# [About this task]
Set the pictures aside and write down, exactly as they appear, the lines from the one containing "TORNEIRA COM FILTRO TWIN" through the end of the material.

╔══

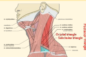
regio cervicalis lateralis

Ohraničení přední okraj musculus dorzálně trapezius
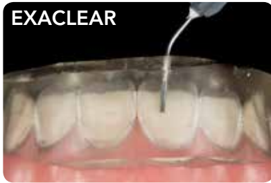
Muovin injektioimista voi seurata visuaalisesti.

EXACLEAR on innovatiivinen, kirkas silikonimateriaali, joka täyttää vaativien esteettisten töiden asettamat vaatimukset ja auttaa saavuttamaan upean lopputuloksen. Materiaalin täydellinen läpinäkyvyys tekee siitä erityisen tehokkaan vaihtoehdon hankaliin kliinisiin tilanteisiin.
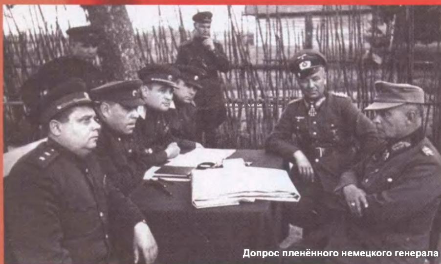
Допрос пленённого немецкого генерала

Следует отметить, что автор такой солидной книги ничего не пишет о том, где Черняховский служил комбатом. Да и что касается утверждения о его службе командиром танковой бригады БОВО, то это совершенно не соответствует действительности.
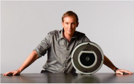
アイロボット社 CEO コリン・アングル

アイロボット社は、米国マサチューセッツ工科大学(MIT)で最先端の人工知能研究を進めていた科学者3人によって1990年に創立されたロボット産業のリーディングカンパニーです。以来、20年以上にわたり、世界のロボット業界を牽引しています。
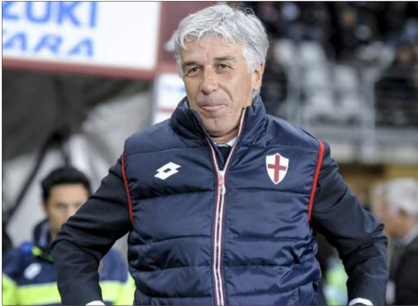
Gian Piero Gasperini ai tempi del Genoa
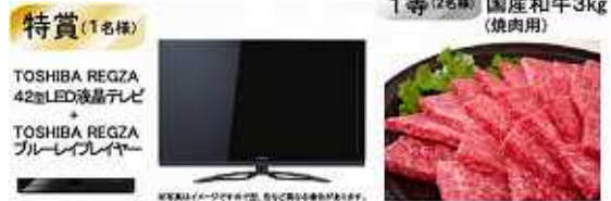
(参考)大抽選会景品)
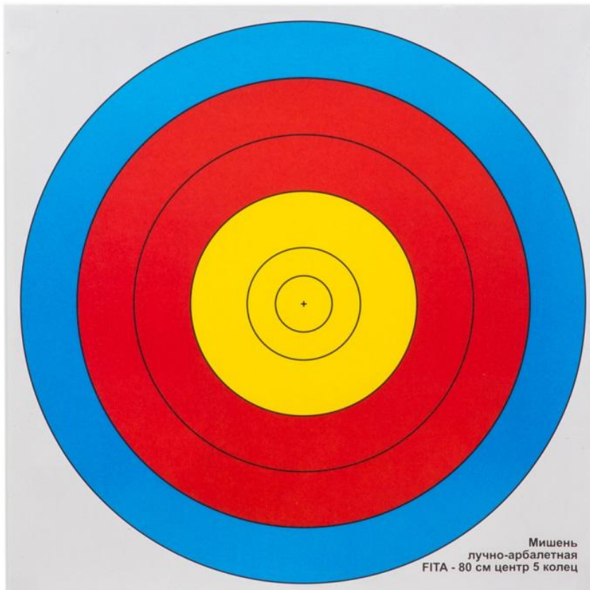
Мишень лучно-арбалетная FITA - 80 см центр 5 колец
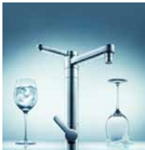
TORNEIRA COM FILTRO TWIN
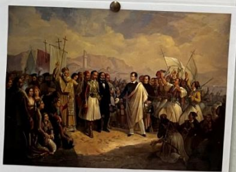
«Η υποδοχή του Λόρδου Βύρωνα στο Μεσολόγγι», του Θεόδωρου Βρυζακί

╚══

# [Output below]
TORNEIRA COM FILTRO TWIN
«Η υποδοχή του Λόρδου Βύρωνα στο Μεσολόγγι», του Θεόδωρου Βρυζακί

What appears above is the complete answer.